We checked if the HMG‐box sequences in cyclostome TCFs had any of these distinctive residues that distinguish the gnathostome TCF subfamilies. Interestingly, lamprey TCF proteins again do not easily map onto a gnathostome ohnolog subfamily framework, since they tend to show mixed TCF/LEF subfamily features in their amino‐acid sequences, just like they did in their exon–intron organization and domain compositions.
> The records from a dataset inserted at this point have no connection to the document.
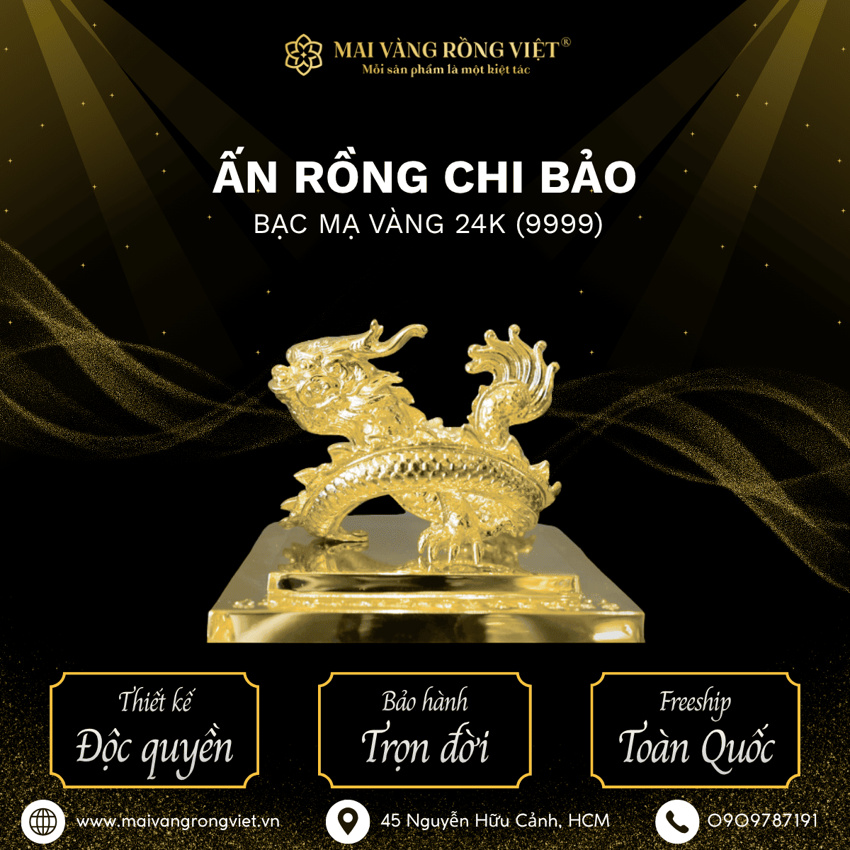 Ấn Rồng Chi Bảo Đúc Bạc 9999 Mạ Vàng 24K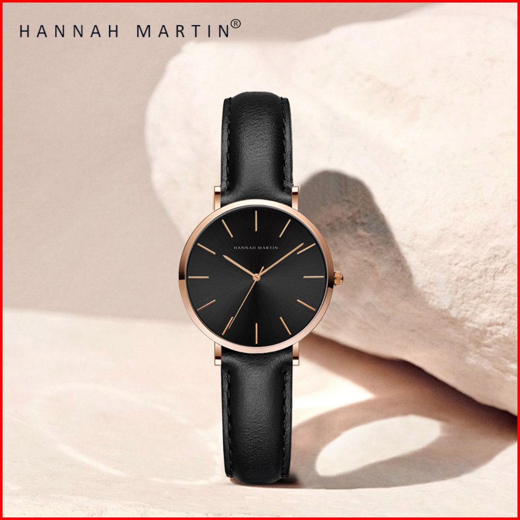 Hannah Martin Jam Tangan Wanita Sangat Tipis 100 Asli Modis Kecil Sederhana Kuarsa Jam Tangan Wanita Kulit Tahan Air Jam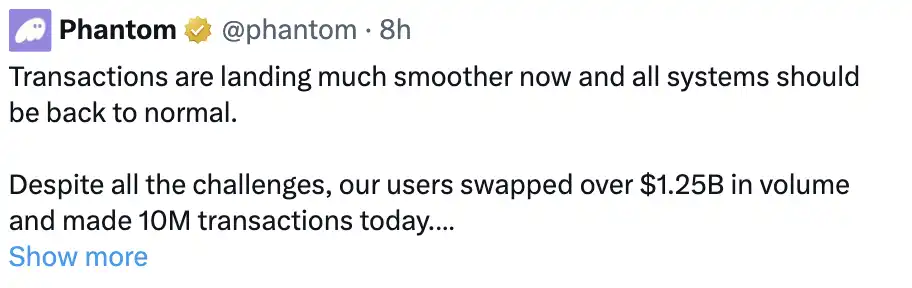 @phantom:「交易现在已经恢复顺畅,所有系统运行正常。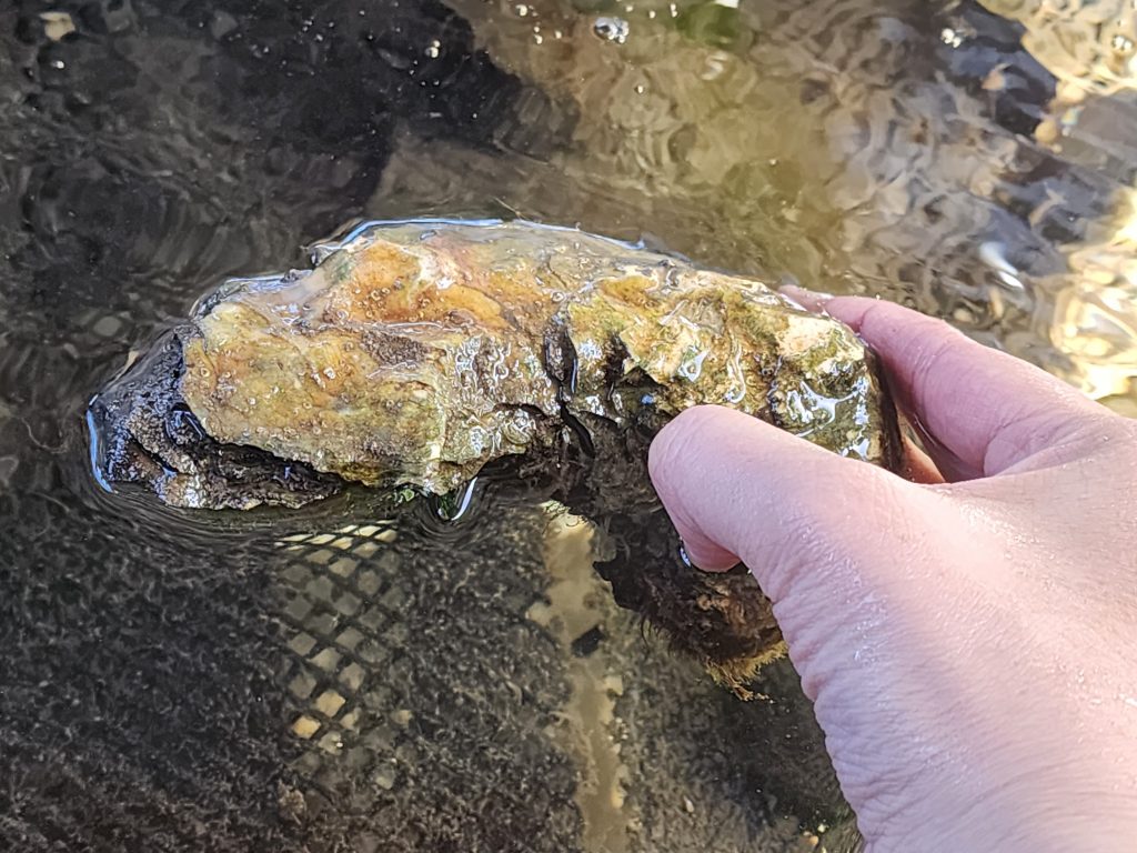 At the end of the tour, we were taught on how to shuck a raw oyster, and we were given six raw oysters to taste. The raw oysters were not from the farm itself, but from Washington state instead. I was honestly pretty nervous about shucking the oysters, even when they provided us the tools and gloves to do so. However, it was actually very satisfying when I managed to shuck one since the oyster shell literally pops open. I was so excited to try, and I have to say that they were the sweetest and freshest raw oysters I have ever eaten. I did not even feel queasy at the end either.
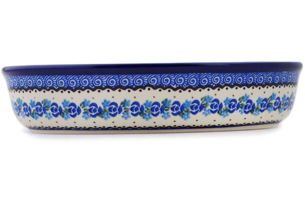 This Polish Pottery 11" Oval Baker - Blue Bud Sea is handmade and handpainted by the Ceramika Artystyczna factory in Boleslawiec, Poland.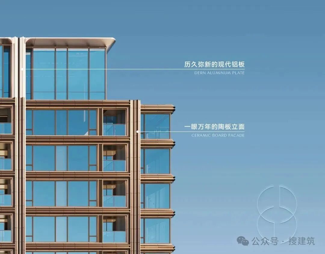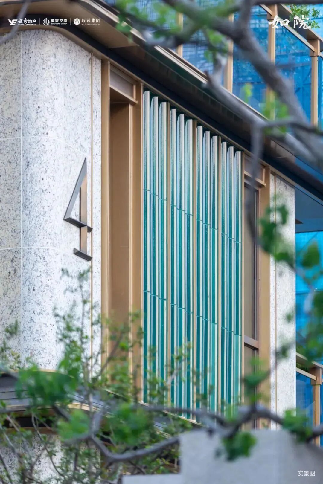 中建·玖上瑯宸的建筑外立面設(shè)計(jì)汲取豫園“金聲玉振”靈感,部分選用約1150℃高溫?zé)贫删暗骆?zhèn)稀有陶板,打造“金鑲玉制”的海派先鋒立面,搭配石材與鋁板,讓室內(nèi)外景致無(wú)界交融。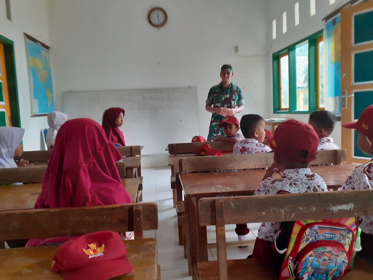 Bentuk Karakter Generasi Muda, Babinsa Libureng Kodim 1407/Bone Latih Baris-Berbaris Murid SD
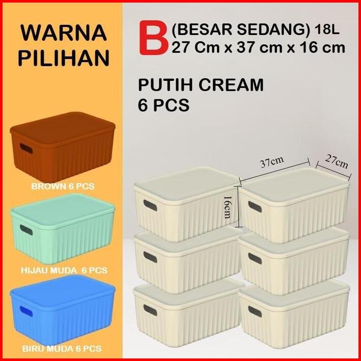 Mizca Kotak Penyimpanan Plastik Susun Dengan Tutup Type B 18 Liter 6 Pcs 27 X 37 X 16 Cm Storage Box Container Bin Pantr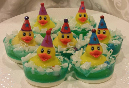 The melt and pour soaps feature green and white layers, soap scraps and of course, adorable rubber duckies. If you’d like to add some cute ducks to your soap, click through the Easter Ducky Soap Tutorial. You can also embed the ducks, as seen in the Embedded Ducky Soap Tutorial.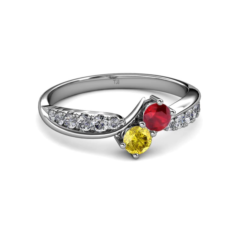 Ruby and Yellow Sapphire 2 Stone with Side Diamonds Bypass Engagement Ring 0.82 ct tw in 14K White Gold. More Details ...

In the case of TCFa and TCFd, they do not contain any of these “diagnostic” amino‐acids, and their HMG‐box amino‐acid sequences are identical to TCF7L2 and the wider deuterostome consensus, except for L. planeri TCFd, which have a divergent amino‐acid substitution at position 47. However, TCFb has two distinctive amino acids: an isoleucine at position 22, characteristic of TCF7, and a serine (S) at position 64, characteristic of TCF7L1. Finally, TCFc contains one of the “diagnostic” amino acids that is also shared with TCFb and is characteristic of the TCF7 subfamily (i.e., isoleucine (I) at position 22), but also has at least eight additional amino‐acid substitutions, making it the most divergent vertebrate TCF analyzed here. However, two of these substitutions are shared with divergent residues in some gnathostome TCF/LEFs: the valine (V) at position 3 is shared with Homo sapiens TCF7L1, and the threonine (T) at position 45 is shared with Danio rerio TCF7 and Chiloscyllium plagiosum TCF7L1.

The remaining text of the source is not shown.